### Dataset section
★ ★ ★ ★
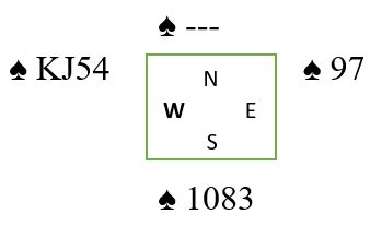 Nå kan syd dekke den første sparen fra øst, og vest vinner stikket. Så spilles kløver til øst og den siste sparen. Da legger syd liten. Fargen er blokkert for spillefører, og det er ingen flere inntak til vest! Men om syd kanskje var litt sånn i halvsøvne og hadde lagt spar 6 under esset selv om øst hadde fulgt med syveren ville fargen sett slik ut etterpå:
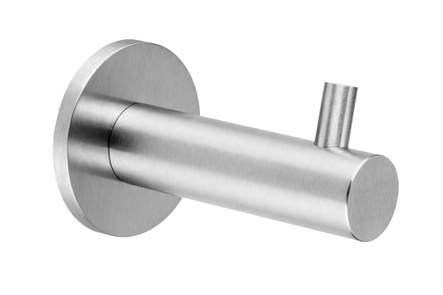 Cabide de parede em forma de gancho em aço inoxidável 304 escovado. Inclui acessórios de instalação e fixação.
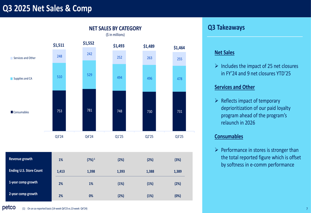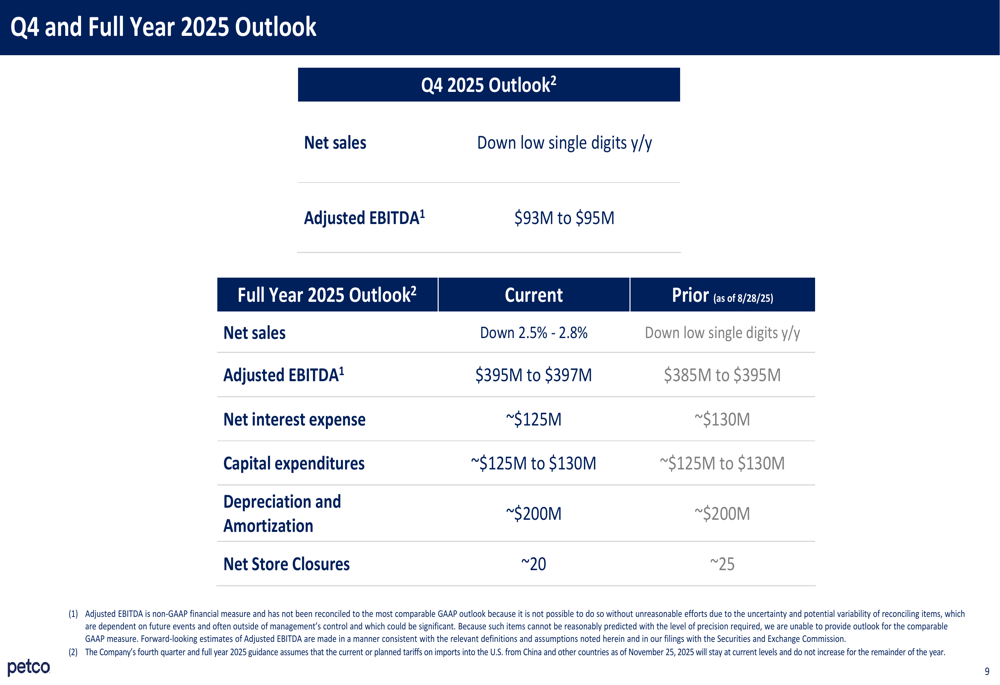 A Petco prevê um retorno ao crescimento das vendas em 2026, apoiado por suas iniciativas estratégicas e pelo relançamento planejado de seu programa de fidelidade pago. A empresa também espera menos fechamentos líquidos de lojas no próximo ano, sinalizando uma mudança em direção à expansão após a atual fase de consolidação.
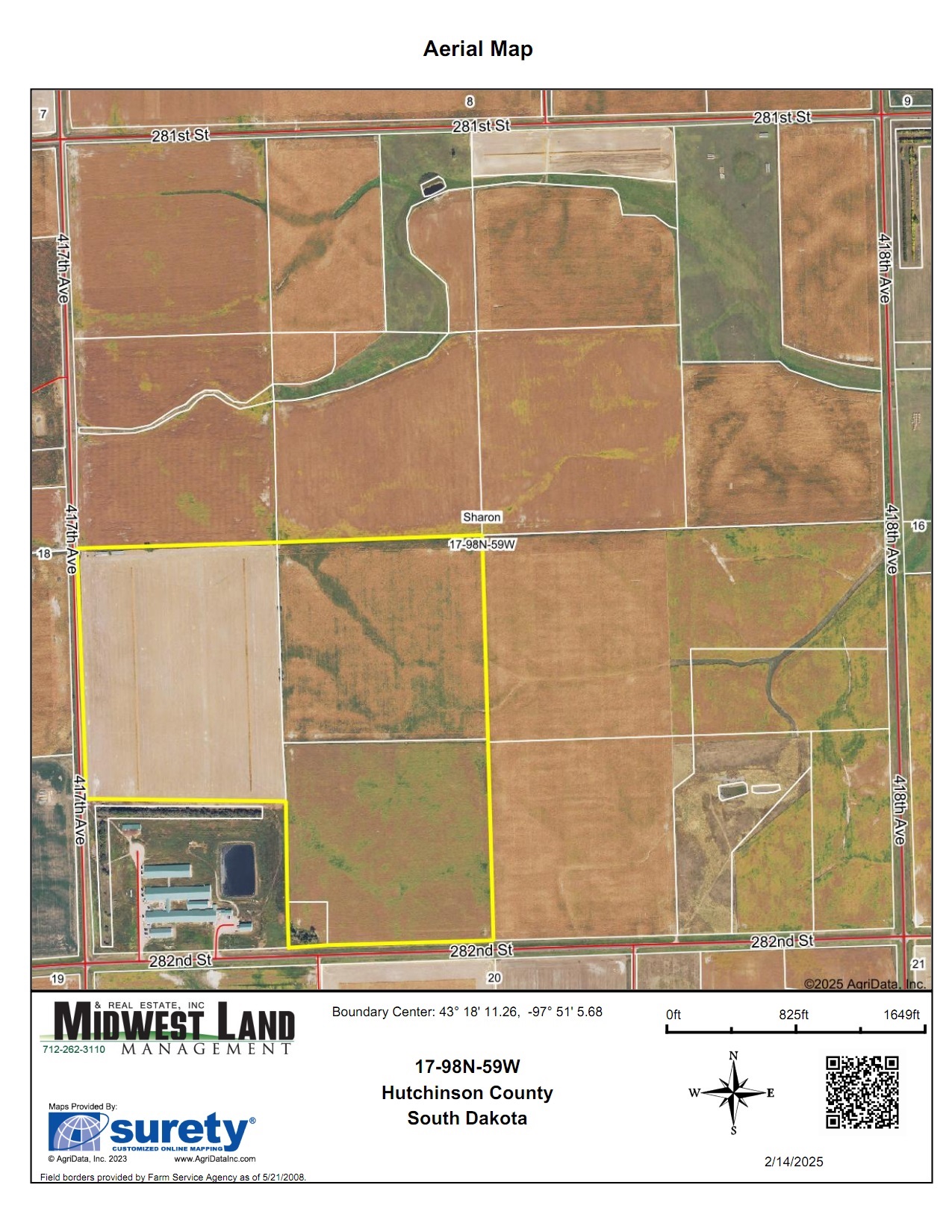 This 132-acre farm in Sharon Township, Hutchinson County, South Dakota, presents an excellent opportunity for both farmers and investors. Located just 5 miles north of Tripp on Highway 37 and 7.1 miles east on 282nd Street, this property boasts productive soils, including Clarno-Bonilla, Prosper-Stickney, Tetonka, Whitewood, and Stickney-Dudley, with a Surety/Agridata Productivity Index of 84.2. With 124.75 acres of cropland, the farm features a corn base of 41.67 acres (PLC Yield: 130) and a soybean base of 18.45 acres (PLC Yield: 42), making it a strong income-producing asset. Priced at $1,300,000, this is a solid investment in South Dakota's fertile agricultural landscape. Dont miss your chance to own high-quality farmland in the heart of South Dakota!
★ ★ ★ ★
### What you are asked to do
Pictures stay out; everything else in the listing above is to be repeated exactly.

### Output of the exercise
 Nå kan syd dekke den første sparen fra øst, og vest vinner stikket. Så spilles kløver til øst og den siste sparen. Da legger syd liten. Fargen er blokkert for spillefører, og det er ingen flere inntak til vest! Men om syd kanskje var litt sånn i halvsøvne og hadde lagt spar 6 under esset selv om øst hadde fulgt med syveren ville fargen sett slik ut etterpå:
 Cabide de parede em forma de gancho em aço inoxidável 304 escovado. Inclui acessórios de instalação e fixação.
 A Petco prevê um retorno ao crescimento das vendas em 2026, apoiado por suas iniciativas estratégicas e pelo relançamento planejado de seu programa de fidelidade pago. A empresa também espera menos fechamentos líquidos de lojas no próximo ano, sinalizando uma mudança em direção à expansão após a atual fase de consolidação.
 This 132-acre farm in Sharon Township, Hutchinson County, South Dakota, presents an excellent opportunity for both farmers and investors. Located just 5 miles north of Tripp on Highway 37 and 7.1 miles east on 282nd Street, this property boasts productive soils, including Clarno-Bonilla, Prosper-Stickney, Tetonka, Whitewood, and Stickney-Dudley, with a Surety/Agridata Productivity Index of 84.2. With 124.75 acres of cropland, the farm features a corn base of 41.67 acres (PLC Yield: 130) and a soybean base of 18.45 acres (PLC Yield: 42), making it a strong income-producing asset. Priced at $1,300,000, this is a solid investment in South Dakota's fertile agricultural landscape. Dont miss your chance to own high-quality farmland in the heart of South Dakota!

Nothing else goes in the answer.